Why Should I Have My Dog Spayed?
Spaying should be considered if you are keeping any female dog as a pet. It is the easiest, fastest, least stressful, and least expensive way to prevent unplanned litters and unwanted behaviors.
What Are the Advantages of Spaying My Dog?
Reduces the risk of malignant mammary cancer. Studies show that dogs who have twice been in-heat have a 26% chance of developing this devastating cancer. This increases to a whopping 40% for dogs who haven’t been spayed and are over the age of 2.5 years!
Prevents a life-threatening infection of the uterus (pyometra). Up to 24% of dogs that have not been spayed will develop this disease by 4 to 10 years of age with up to a 17% chance of death.
Eliminates the risk of cancer of the reproductive organs.
Prevents unwanted pregnancy.
Reduces hormone-related aggression.
Prevents messy heat cycles.
It’s highly cost-effective compared to having and raising a litter of puppies.

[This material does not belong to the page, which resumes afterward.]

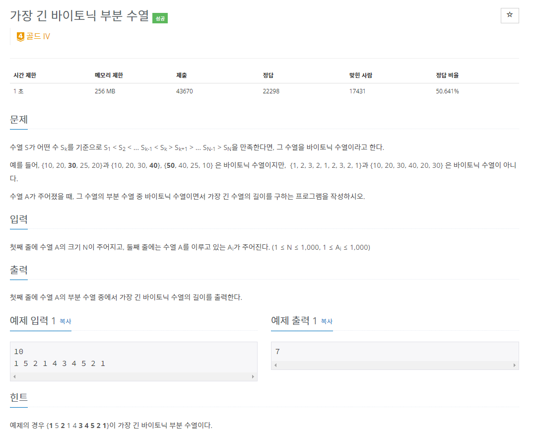 수열을 뒤집어버린다면 결국 가장 긴 증가하는 부분수열의 길이를 2번 구함으로써 문제를 해결할 수 있다.

Increases your dog’s lifespan.
You help fight pet overpopulation — every year millions of dogs are euthanized or suffer as strays.
Are There Disadvantages to Spaying?
Some of the perceived disadvantages are false. The most quoted of these are the dog will become fat, lazy, and useless as a guardian. But the truth is, we know spaying is less important than other environmental factors, such as diet and exercise, on weight gain. Too, spaying doesn’t cause a change in personality, guarding instincts, intelligence, playfulness, or affection.
There are, however, some potentially adverse events associated with spaying in large- and giant-breed dogs. “Potentially” is the key word as this information has been gathered from small retrospective studies of select populations which makes these concerns valid to discuss, but the relative risk for an individual pet is difficult to determine at this point.
Early spaying may play a role in the development of orthopedic conditions, particularly hip dysplasia and cranial cruciate ligament injury.
Early spaying (primarily in large dogs over 33 lbs) increases the chance for urinary incontinence.
Spaying can mildly increase the incident of some cancers (lymphoma, mast cell, hemangiosarcoma, osteosarcoma, transitional cell carcinoma), but the age of the dog at the time of the spay is influential.
When Should My Dog Be Spayed?
The sum of our current knowledge and wisdom suggests this surgery should be done when a dog has reached her mature height and weight—typically between 8 and 18 months of age—and certainly before her second heat cycle. Most dogs, however, will come into heat for the first time between 8 and 12 months of age, and this is problematic for many owners. In such cases we recommend spaying at 7 or 8 months of age—before the first heat cycle.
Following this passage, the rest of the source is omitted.